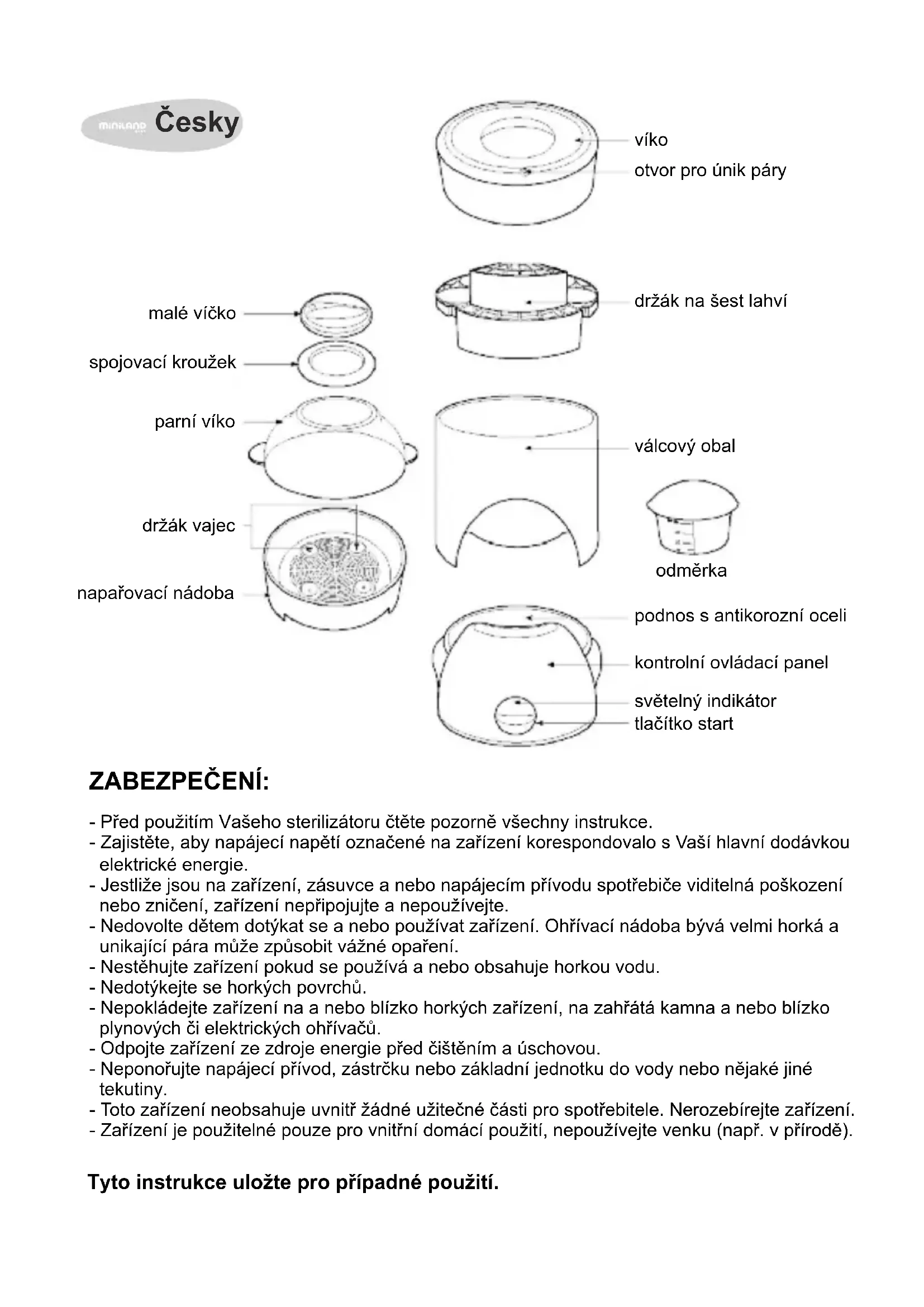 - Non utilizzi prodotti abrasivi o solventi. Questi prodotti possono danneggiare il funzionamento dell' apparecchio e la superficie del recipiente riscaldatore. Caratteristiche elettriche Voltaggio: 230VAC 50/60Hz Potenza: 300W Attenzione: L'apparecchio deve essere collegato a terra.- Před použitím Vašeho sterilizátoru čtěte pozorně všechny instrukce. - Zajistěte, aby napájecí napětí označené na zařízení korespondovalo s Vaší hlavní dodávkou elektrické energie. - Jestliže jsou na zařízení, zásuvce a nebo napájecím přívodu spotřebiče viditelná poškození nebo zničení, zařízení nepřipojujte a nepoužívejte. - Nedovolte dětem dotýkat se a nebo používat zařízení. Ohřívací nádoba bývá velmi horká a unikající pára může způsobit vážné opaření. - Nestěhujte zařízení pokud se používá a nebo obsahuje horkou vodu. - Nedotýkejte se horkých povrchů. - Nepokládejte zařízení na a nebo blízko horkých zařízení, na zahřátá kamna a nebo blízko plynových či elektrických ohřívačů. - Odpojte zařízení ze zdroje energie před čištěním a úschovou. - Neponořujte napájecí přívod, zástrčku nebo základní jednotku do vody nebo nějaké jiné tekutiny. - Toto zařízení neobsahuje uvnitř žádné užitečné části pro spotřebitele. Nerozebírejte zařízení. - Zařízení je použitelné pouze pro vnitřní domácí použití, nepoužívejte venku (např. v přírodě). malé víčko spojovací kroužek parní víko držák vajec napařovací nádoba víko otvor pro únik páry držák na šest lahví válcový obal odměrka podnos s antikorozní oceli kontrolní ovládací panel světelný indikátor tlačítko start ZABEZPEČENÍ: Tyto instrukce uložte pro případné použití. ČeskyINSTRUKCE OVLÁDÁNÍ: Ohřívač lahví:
================================
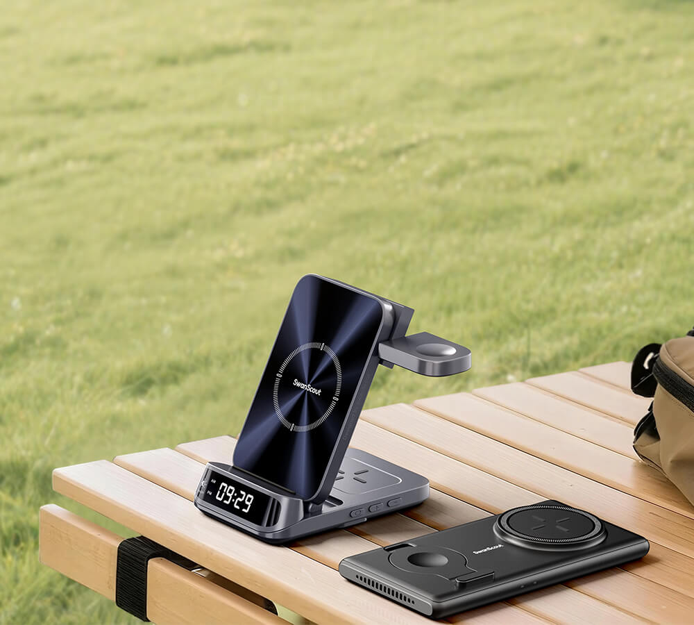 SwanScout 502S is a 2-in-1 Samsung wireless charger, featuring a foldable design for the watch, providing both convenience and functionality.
================================
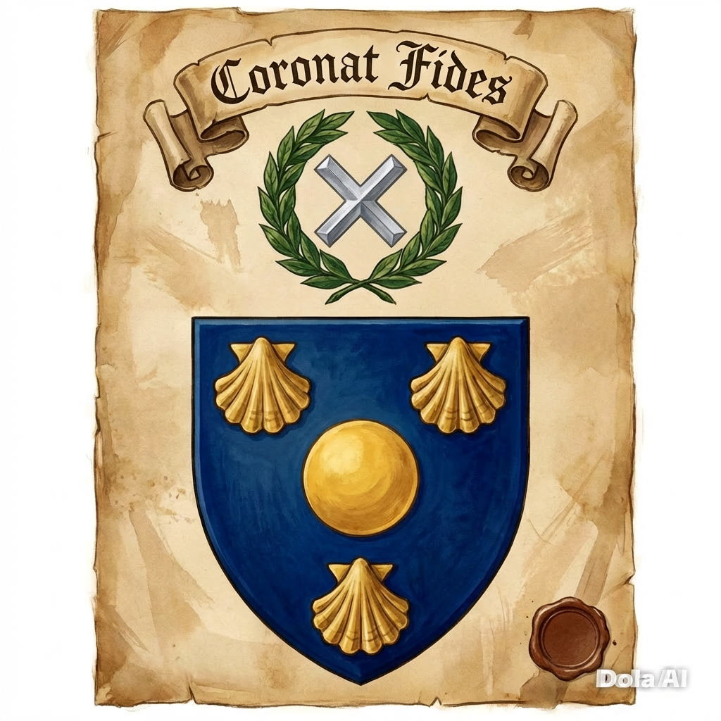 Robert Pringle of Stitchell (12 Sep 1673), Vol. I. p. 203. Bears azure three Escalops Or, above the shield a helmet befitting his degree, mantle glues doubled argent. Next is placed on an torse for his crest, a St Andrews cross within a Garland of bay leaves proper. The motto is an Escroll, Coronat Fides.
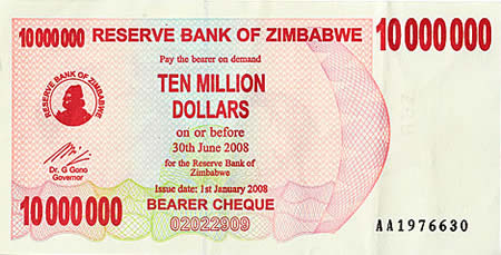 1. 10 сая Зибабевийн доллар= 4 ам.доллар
================================
> TRY IT
Treat the line with "Robert Pringle of" as the start and the line with "1. 10 сая Зибабевийн доллар= 4 ам.доллар" as the end, and return exactly that span of the data above, both ends included, without pictures.

> ANSWER SECTION
 Robert Pringle of Stitchell (12 Sep 1673), Vol. I. p. 203. Bears azure three Escalops Or, above the shield a helmet befitting his degree, mantle glues doubled argent. Next is placed on an torse for his crest, a St Andrews cross within a Garland of bay leaves proper. The motto is an Escroll, Coronat Fides.
 1. 10 сая Зибабевийн доллар= 4 ам.доллар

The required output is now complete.